ANd if a service is 99.9% something, would you throw the baby out with bathwater due to that 0.1%? Because this is what is seemingly happening here.
How many resources have GOG poured into imo wasteful endeavors like the client? I see you left that factor out of your financial analysis :) Other users can clarify better but I recall hearing years ago GOG replaced all the installers to include Galaxy, only to then undo all this work. In other words a colossal waste of time and probably money.

Additionally, this is admittedly anecdotal from my interactions with certain users, but it seems to me the old-school-minded users generally tend to have some of the biggest libraries here and buy extra games to giveaway. Or, at least they did until GOG keep messing up and compromising on the idea of DRM-free.
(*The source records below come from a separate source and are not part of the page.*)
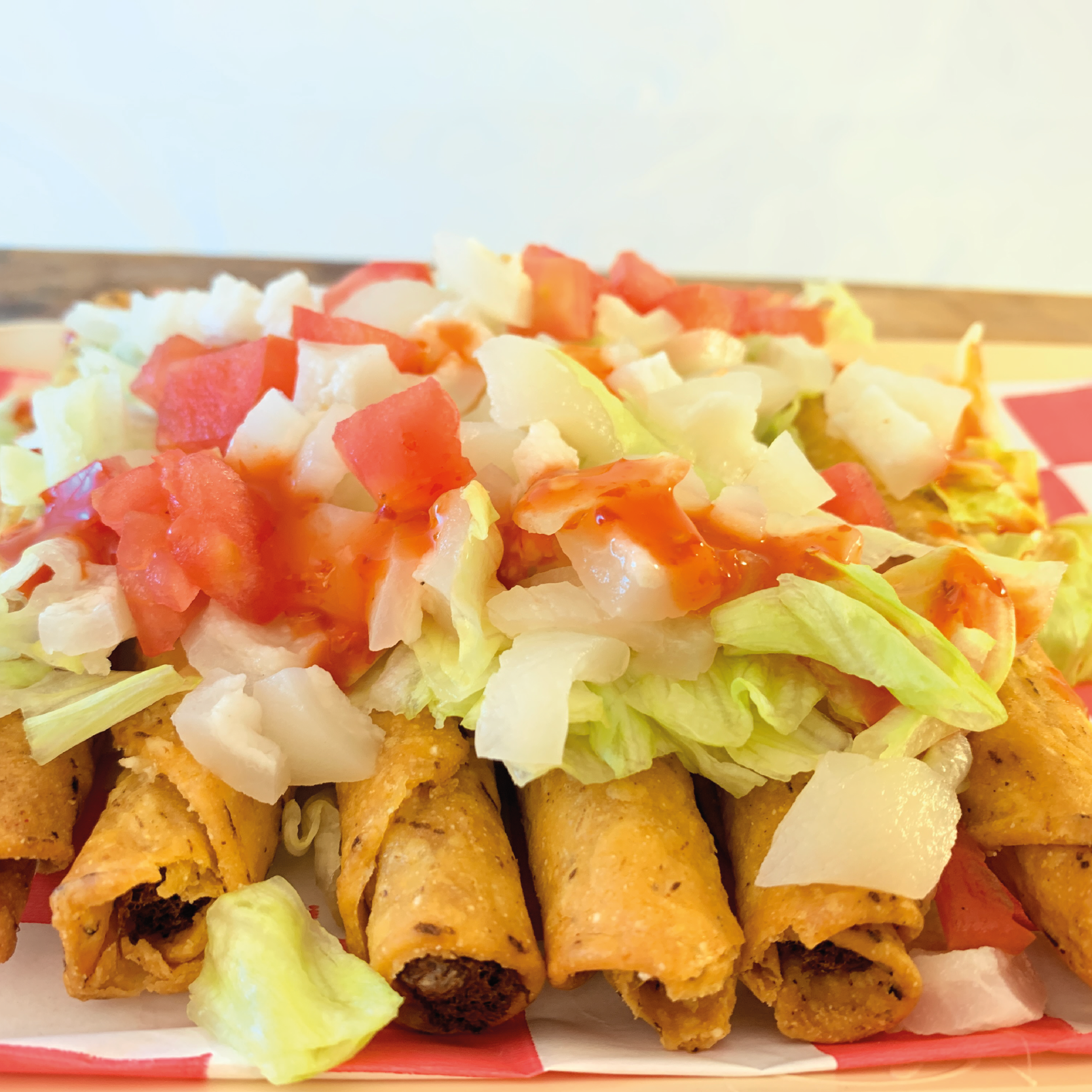 5 Taquitos de res dorados, cueritos, lechuga, tomate, cebolla, salsa roja.
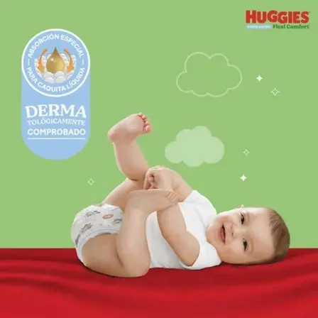 Por eso, los Huggies Flexi Comfort Edición Limitada cuentan con absorción mejorada para caquita líquida, ayudando a mantener la piel del bebé protegida.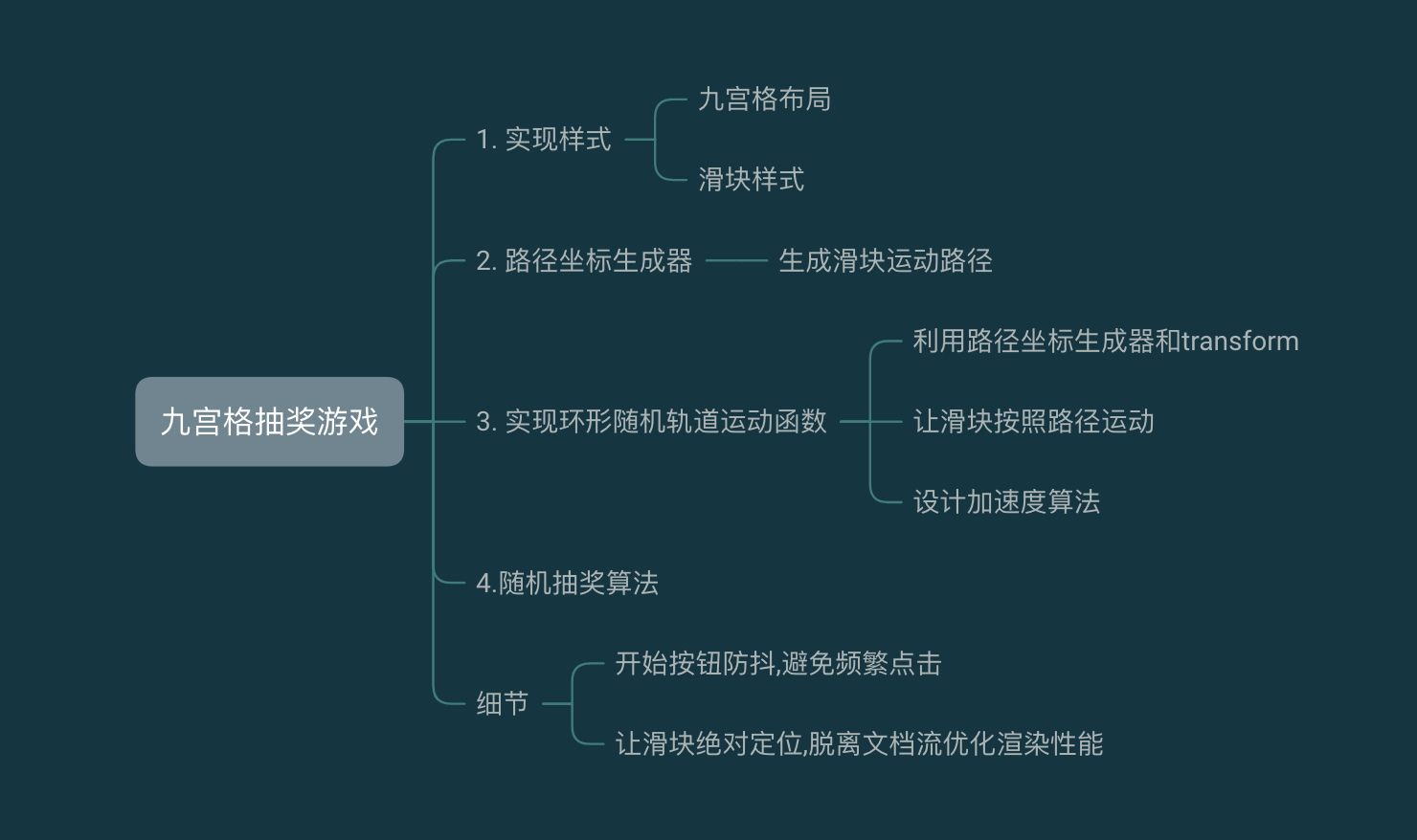 这样就能实现我们的滑块按照九宫格边框运动的动画了,当然以上函数只是基本的动画, 还没有实现在随机位置停止, 以及滑块的加速度运动,这块需要一定的技巧和js基础知识比如闭包.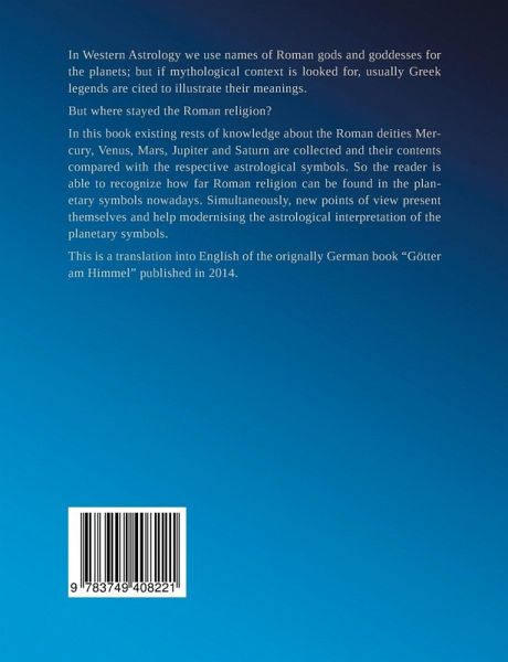 In western astrology we use of course Roman names for the planetary symbols; but when you look on the mythological explanations, you usually get Greek mythology to explain them. Doesn't count: NOMEN EST OMEN ? Searching the mythological rests of the original deities Mercury, Venus, Mars, Jupiter and Saturnus it was necessesary to dive deeply into the history of theology because the well-known literates like Ovid, Virgil and Lucretius preferred to retell Greek myths instead of preserving their own roots. In the last centuries (until about 1900) these authors werde taken as sources for theological research and there was no discrimination between literature/poetry and original italic tradition. Perspective and moral view of the 19th century added more misinterpretations and made the knowledge of Roman religion almost vanish. Existing rests are collected in this book and compared with the actual astrological symbols. So the reader can recognize how much of Roman ideas can be found in the planetary symbols nowadays. Simultaneously new points of view are opened for the interpretation of Mercury, Venus, Mars, Jupiter and Saturn.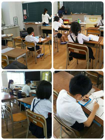 4年は自己紹介カードをつくっていました。顔の部分は、手鏡を見てかきます。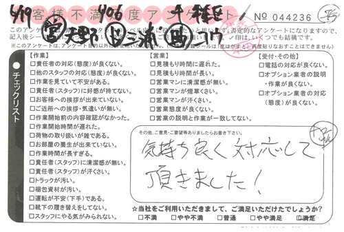 3/3 引越 営業:浅井 ドライバー:藤田 スタッフ:楊* 特にないです。ありがとうございました!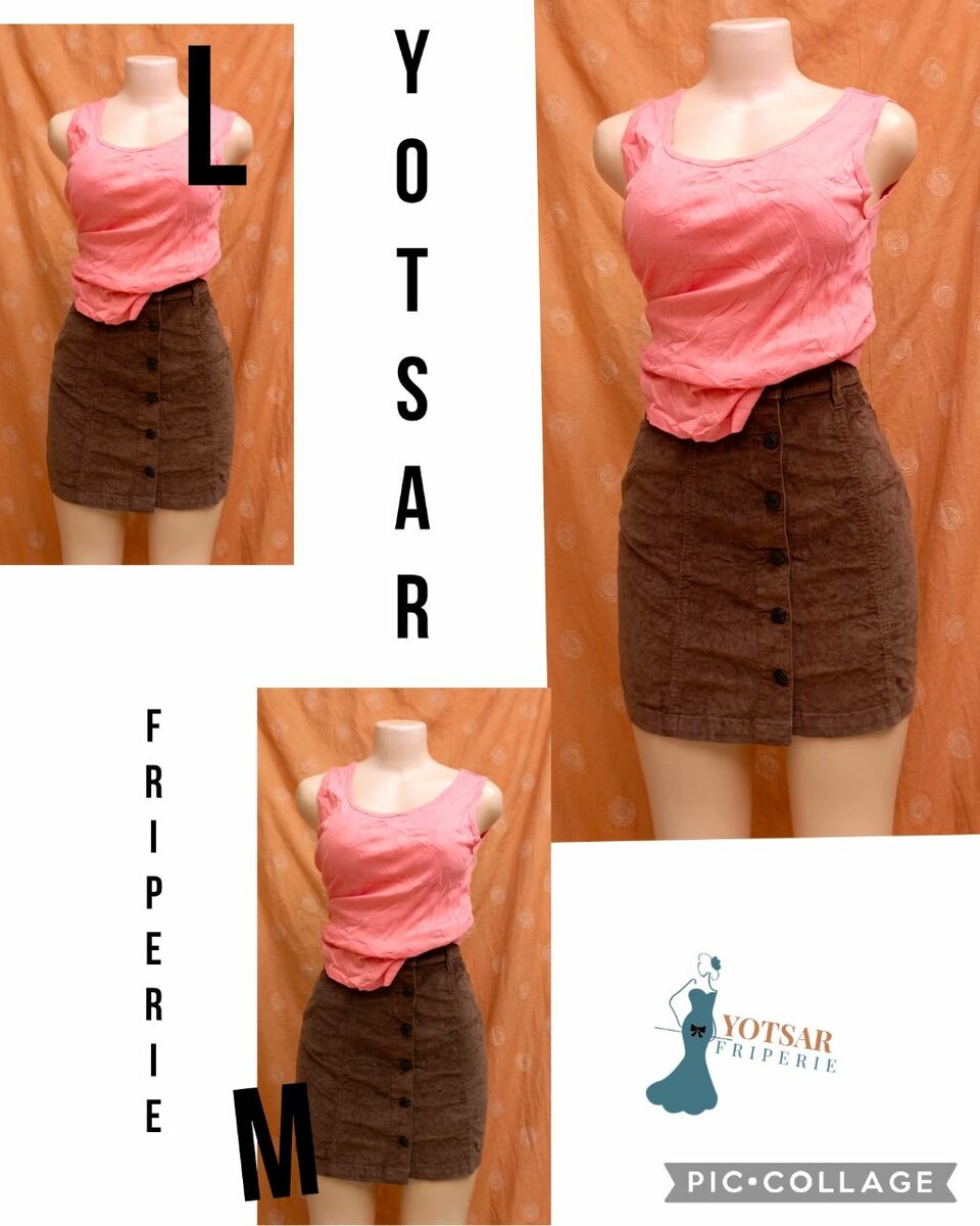 Découvrez cette élégante jupe en velours côtelé marron avec boutons en façade. Parfaite pour un look chic et décontracté, elle s'associe facilement avec des hauts colorés pour toutes les occasions. Disponible en tailles M, L, et XL.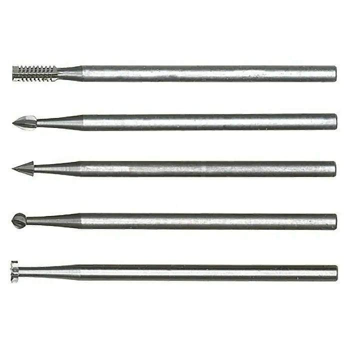 5 fresas surtidas de tungsteno vanadio. Medidas de las fresas: De 2.3 a 3.1 mm. Vástago de 2.35 mm de diámetro.• Vástago y fresas de una sola pieza, especiales para metales (no férricos) y plásticos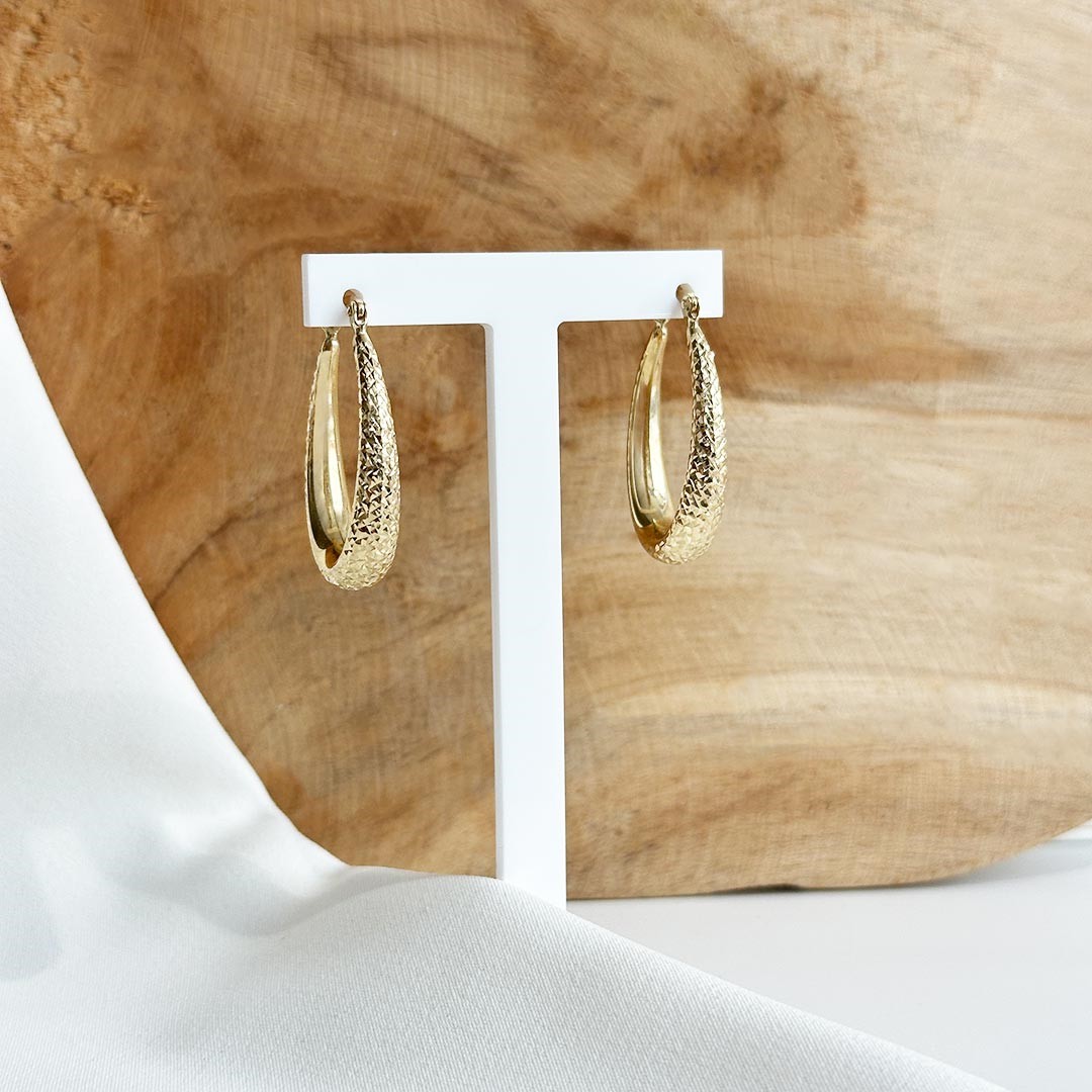 Diese eleganten Creolen aus 585er Gelbgold überzeugen durch ihre außergewöhnliche Form und eine raffiniert gearbeitete Oberfläche. Die ovale Silhouette verläuft nach unten hin sanft in die Breite und verleiht dem Design eine harmonische Dynamik, die zugleich modern und zeitlos wirkt. Das Spiel aus Form und Struktur lässt das Gold bei jeder Bewegung lebendig schimmern und unterstreicht die besondere Ausstrahlung dieser Creolen. Ein ausdrucksstarkes Schmuckstück, das sowohl im Alltag als auch zu festlichen Anlässen stilvolle Akzente setzt.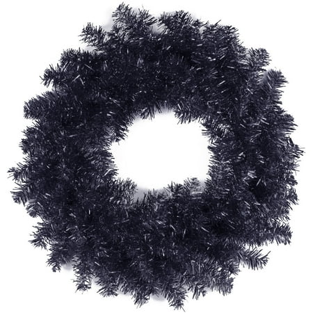 <br /> <b>National Tree 24" Black Tinsel Wreath:</b> <ul> <li>24" diameter</li> <li>130 branch tips</li> <li>Indoor or covered outdoor use</li> <li>Fire-resistant and non-allergenic</li> </ul>
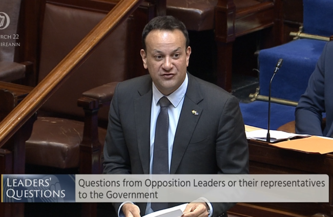 Tánaiste Leo Varadkar speaking during Leaders Questions this afternoon Oireachtas TV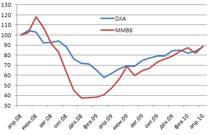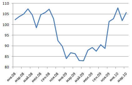 К апрелю 2010 года в российской обрабатывающей промышленности практически не осталось отраслей, находящихся в рецессии.[107]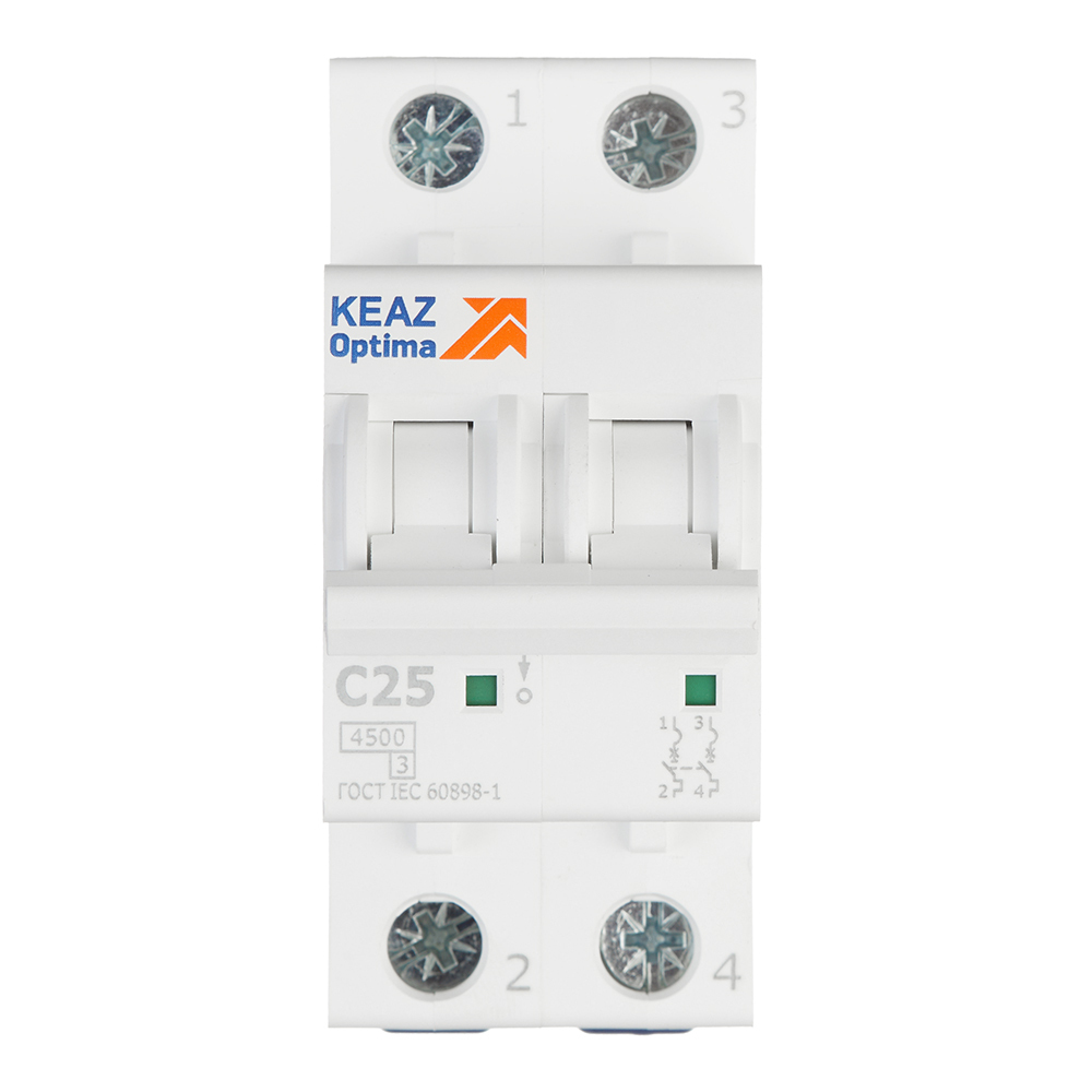 Автоматический выключатель модульный КЭАЗ OptiDin BM63 2P 25А тип C 4,5 кА 230/400 В (326805)

Care to take on a friendly challenge related to the above point? I dare you to name a single "new style" user that has bought Epic Fail games through the new app on GOG Galaxy 2.0 who also has high-triple-digit or even quadruple-digit number of games or buys extra copies of any GOG game (even on sale) to giveaway.

And if someone had a cancerous tumor, should they only have the doctor remove some of it? After all, they wouldn't want to seem like one of those wacky toxic people who would insist on complete removal. What are they, some kind of weirdo...better to be moderate and only remove some of the cancer, right?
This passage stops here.